A lot of people think that for much of the world the first computing device that people use won't be a PC. It'll be some sort of mobile device. Obviously, that's an area that Microsoft has spent some time on, but it's a little bit further from its comfort area. What are you doing in the mobile space as far as non-PC devices?
Poole: Well, we certainly agree that the first computing device which will be used by many people around the world will be a phone. You see this happening in emerging segments all around the planet today. Mobile phones are really just taking off as the prices come down and the access is going up.
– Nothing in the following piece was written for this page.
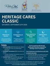100% of the proceeds from the tournament will be donated to The Ronald McDonald House and Heritage Cares Foundation. Please join us, and help make a difference for our community!

We think that there are some interesting things to do to help make the mobile phone become a better device.
How close is that to being a product? You take the phone that people are already getting, hook it up to the TV they already have and you've got a computer. The phones that we use today in the U.S. certainly are capable of that from a technology perspective. How close is that?
Poole: Well, it's still got a ways to go. We've got it in development in China right now. We've got a manufacturing partner signed on with us, and our group in Beijing is working quite hard on it. It'll be in trials I think within a year and we'll see how people respond to it. It's a new concept in the sense of trying to bring together PC and phone technology in a lower-cost device. It's not something that you're going to see a businessperson in a developed market using while walking down the street. We're trying to really target the needs of a broader population and so we're very excited about the opportunity there, but time will tell.

Obviously, Microsoft is not the only company looking at how to get computing devices into the hands of more people across the globe. The project that's gotten the most attention is the One Laptop Per Child project. What do you make of a program the group is launching in which people in the U.S. can buy one of the laptops for their own use, and then a second computer would go overseas?
Poole: It's an interesting way to get people involved in this challenge that we all see, which is how do you effectively apply technology to education. I'll be very interested to see how it comes out as well.

How important is it that that first device people use be running a Microsoft operating system versus Linux or another operating system?
Poole: Interestingly enough, we don't see that as much of a battle. The battle is around nonconsumption or around buying a new two-wheeled motor vehicle as opposed to buying a PC for the home...Clearly, we have an interest in having our software used and we think that the value that we offer is very deeply desired--particularly as people get into more of the business world...But our primary goal is around just getting technology to be adopted.